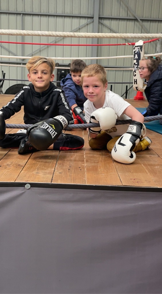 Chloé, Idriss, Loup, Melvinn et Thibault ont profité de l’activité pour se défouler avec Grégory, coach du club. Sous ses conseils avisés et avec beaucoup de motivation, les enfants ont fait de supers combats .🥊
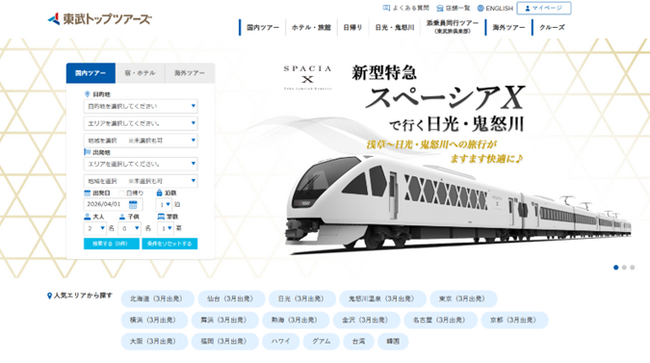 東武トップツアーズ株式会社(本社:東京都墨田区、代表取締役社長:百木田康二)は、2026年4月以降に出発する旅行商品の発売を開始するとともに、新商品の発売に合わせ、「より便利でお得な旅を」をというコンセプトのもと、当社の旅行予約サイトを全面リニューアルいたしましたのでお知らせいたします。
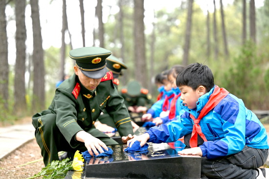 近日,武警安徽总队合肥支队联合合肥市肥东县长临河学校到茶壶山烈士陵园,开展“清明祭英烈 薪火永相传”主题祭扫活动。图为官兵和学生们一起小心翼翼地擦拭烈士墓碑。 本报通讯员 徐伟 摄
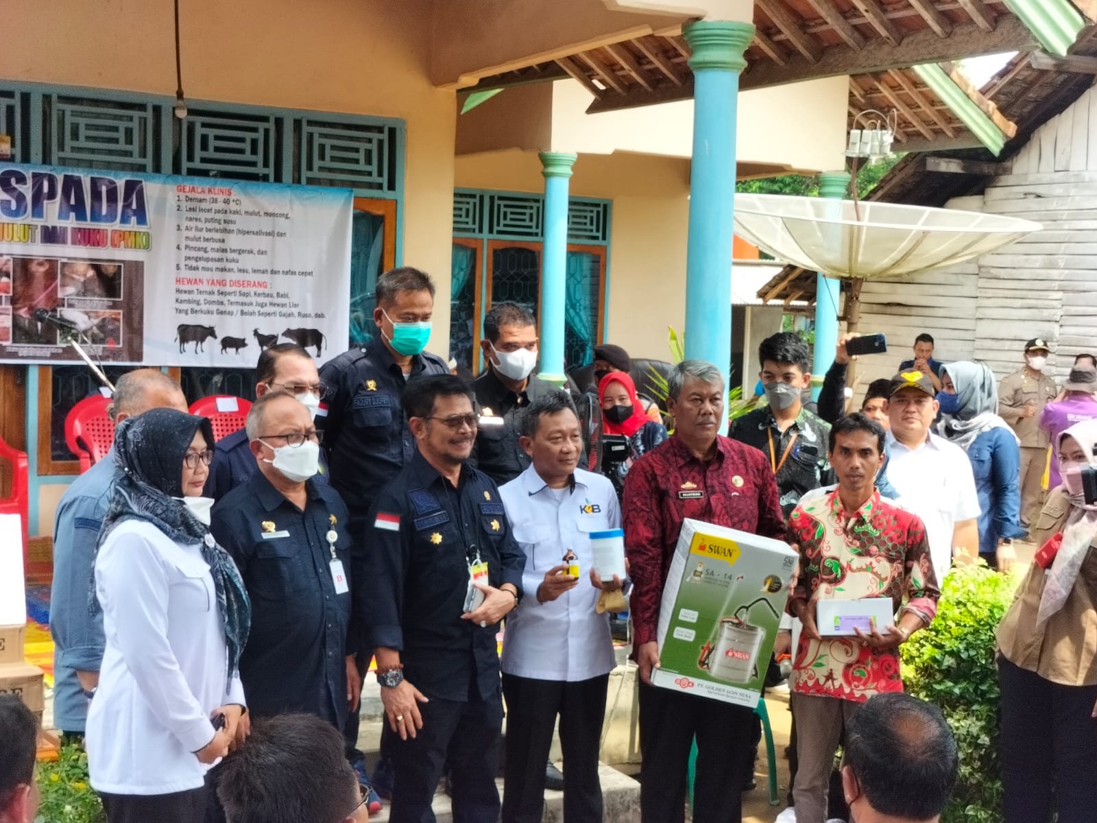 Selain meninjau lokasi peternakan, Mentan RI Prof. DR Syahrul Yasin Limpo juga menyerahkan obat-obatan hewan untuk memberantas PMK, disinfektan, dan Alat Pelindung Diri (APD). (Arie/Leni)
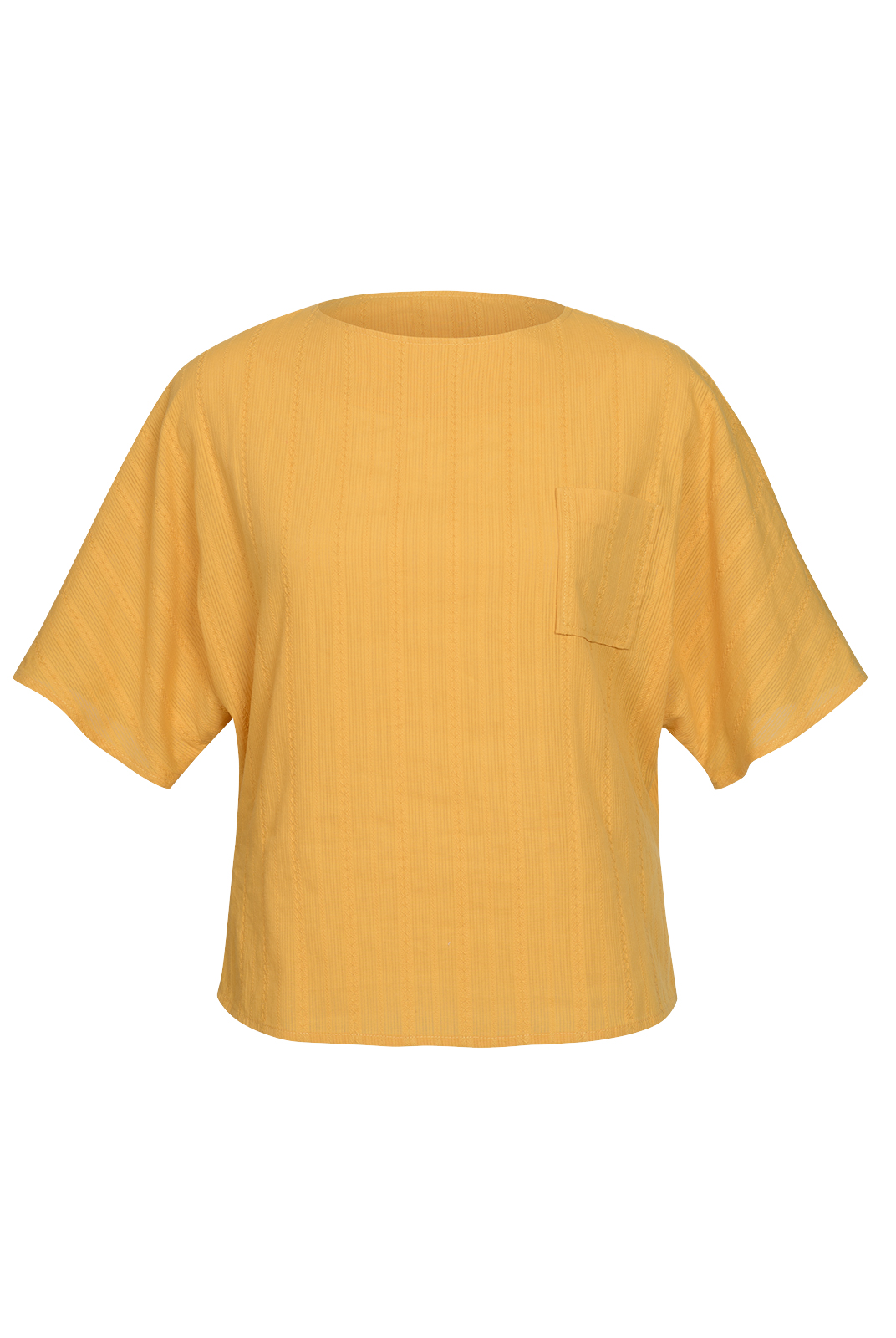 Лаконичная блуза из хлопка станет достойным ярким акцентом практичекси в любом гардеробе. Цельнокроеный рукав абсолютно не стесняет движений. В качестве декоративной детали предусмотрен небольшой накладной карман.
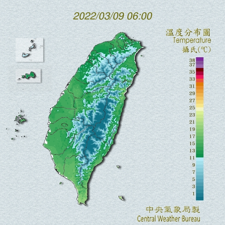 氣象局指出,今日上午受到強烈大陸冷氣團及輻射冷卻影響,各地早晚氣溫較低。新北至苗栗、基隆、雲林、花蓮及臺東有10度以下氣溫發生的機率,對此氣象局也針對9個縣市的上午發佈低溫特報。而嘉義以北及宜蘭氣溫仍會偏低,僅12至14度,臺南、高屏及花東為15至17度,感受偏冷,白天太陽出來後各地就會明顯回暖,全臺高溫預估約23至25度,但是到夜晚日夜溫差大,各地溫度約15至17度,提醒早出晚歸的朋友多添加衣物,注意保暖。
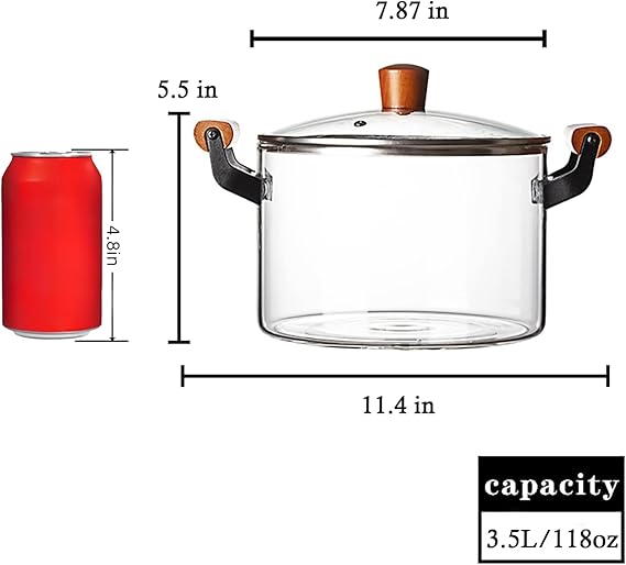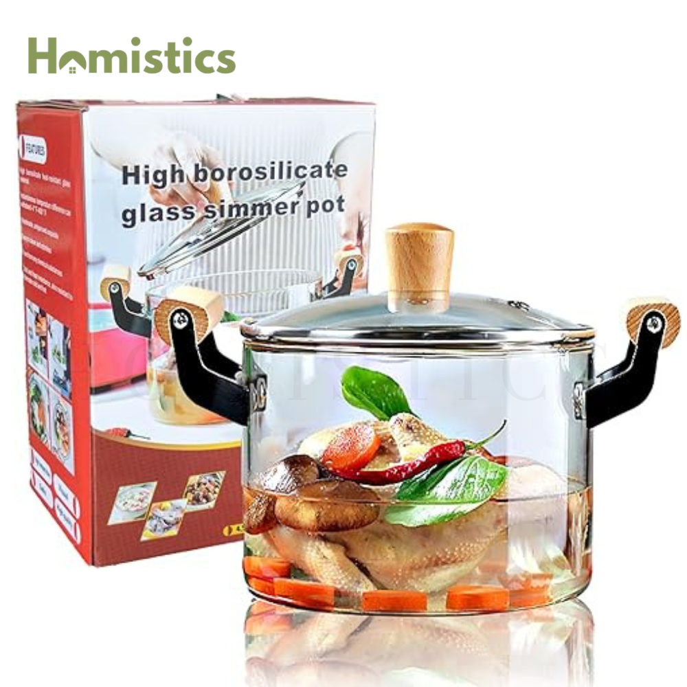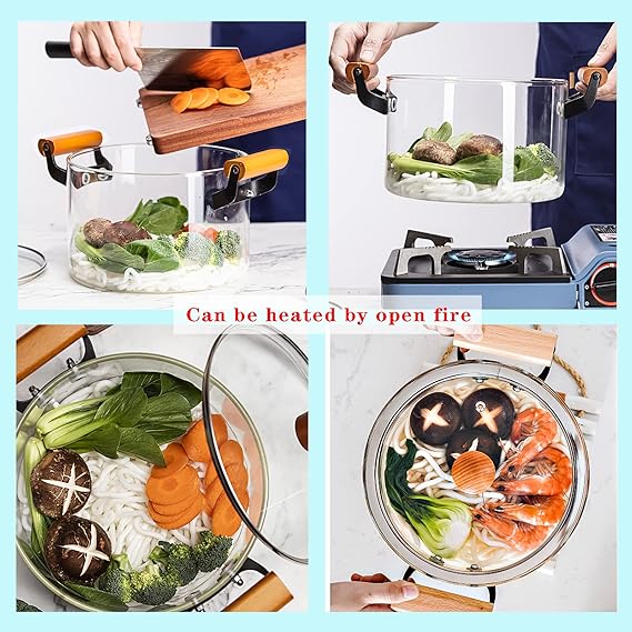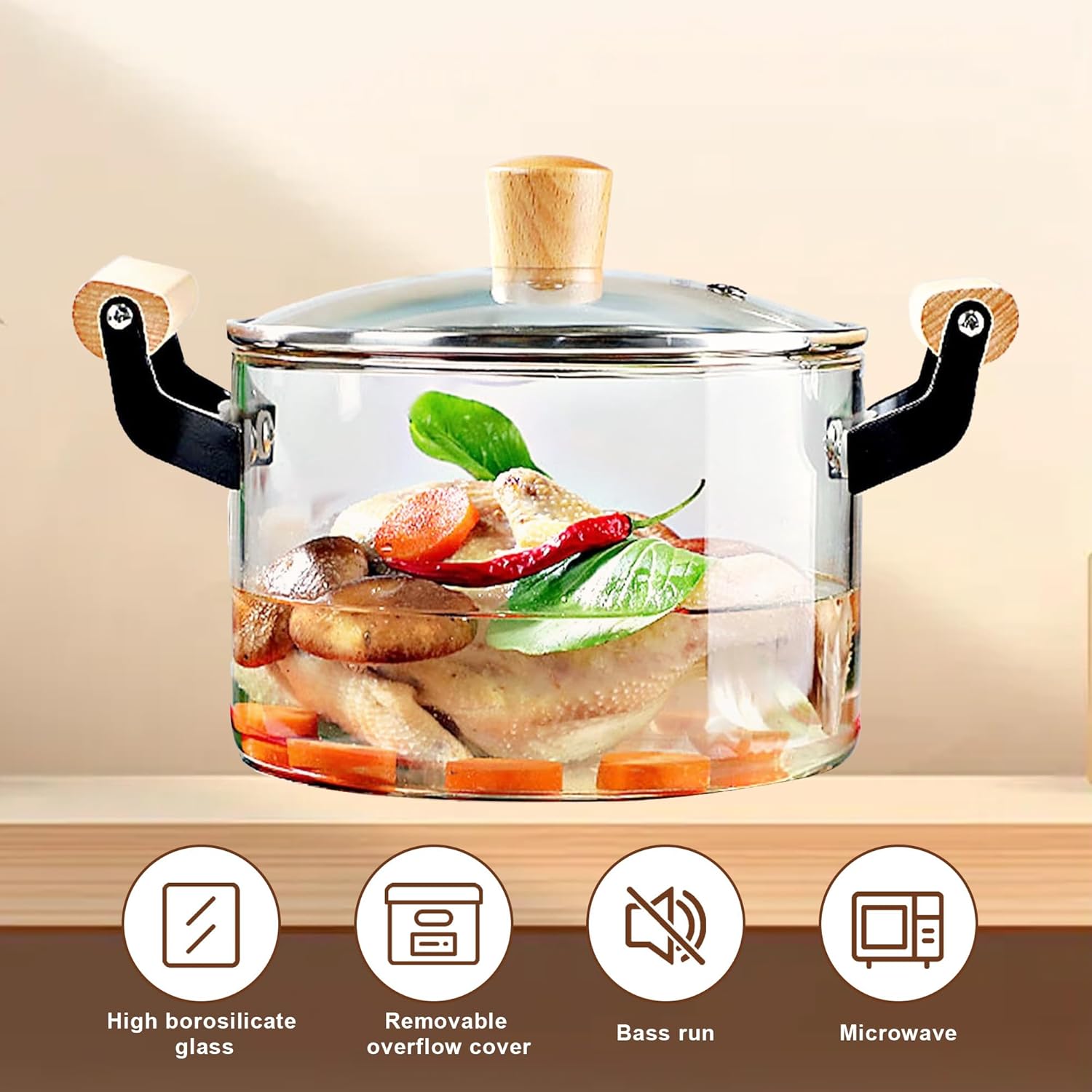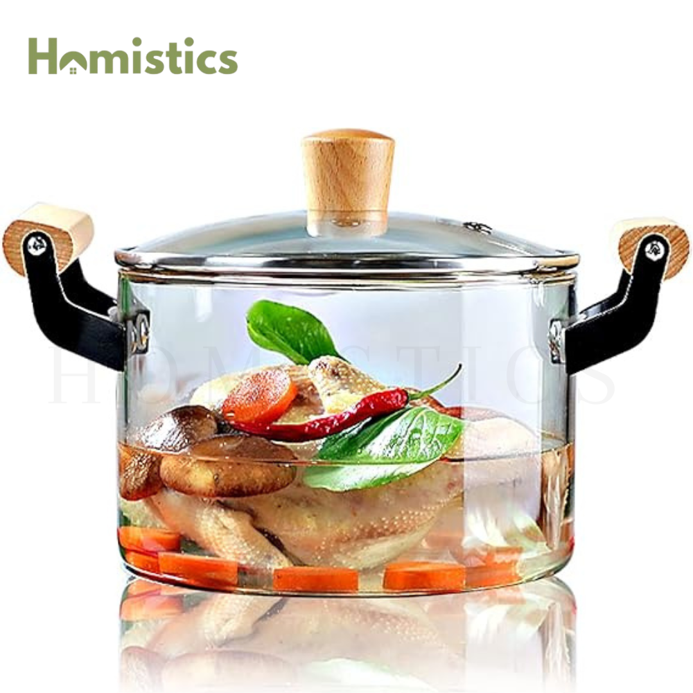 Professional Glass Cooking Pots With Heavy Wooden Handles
######
**Work instructions**
Every line of the listing should be copied precisely, with images omitted.

**Solution**
 Chloé, Idriss, Loup, Melvinn et Thibault ont profité de l’activité pour se défouler avec Grégory, coach du club. Sous ses conseils avisés et avec beaucoup de motivation, les enfants ont fait de supers combats .🥊
 東武トップツアーズ株式会社(本社:東京都墨田区、代表取締役社長:百木田康二)は、2026年4月以降に出発する旅行商品の発売を開始するとともに、新商品の発売に合わせ、「より便利でお得な旅を」をというコンセプトのもと、当社の旅行予約サイトを全面リニューアルいたしましたのでお知らせいたします。
 近日,武警安徽总队合肥支队联合合肥市肥东县长临河学校到茶壶山烈士陵园,开展“清明祭英烈 薪火永相传”主题祭扫活动。图为官兵和学生们一起小心翼翼地擦拭烈士墓碑。 本报通讯员 徐伟 摄
 Selain meninjau lokasi peternakan, Mentan RI Prof. DR Syahrul Yasin Limpo juga menyerahkan obat-obatan hewan untuk memberantas PMK, disinfektan, dan Alat Pelindung Diri (APD). (Arie/Leni)
 Лаконичная блуза из хлопка станет достойным ярким акцентом практичекси в любом гардеробе. Цельнокроеный рукав абсолютно не стесняет движений. В качестве декоративной детали предусмотрен небольшой накладной карман.
 氣象局指出,今日上午受到強烈大陸冷氣團及輻射冷卻影響,各地早晚氣溫較低。新北至苗栗、基隆、雲林、花蓮及臺東有10度以下氣溫發生的機率,對此氣象局也針對9個縣市的上午發佈低溫特報。而嘉義以北及宜蘭氣溫仍會偏低,僅12至14度,臺南、高屏及花東為15至17度,感受偏冷,白天太陽出來後各地就會明顯回暖,全臺高溫預估約23至25度,但是到夜晚日夜溫差大,各地溫度約15至17度,提醒早出晚歸的朋友多添加衣物,注意保暖。
 Professional Glass Cooking Pots With Heavy Wooden Handles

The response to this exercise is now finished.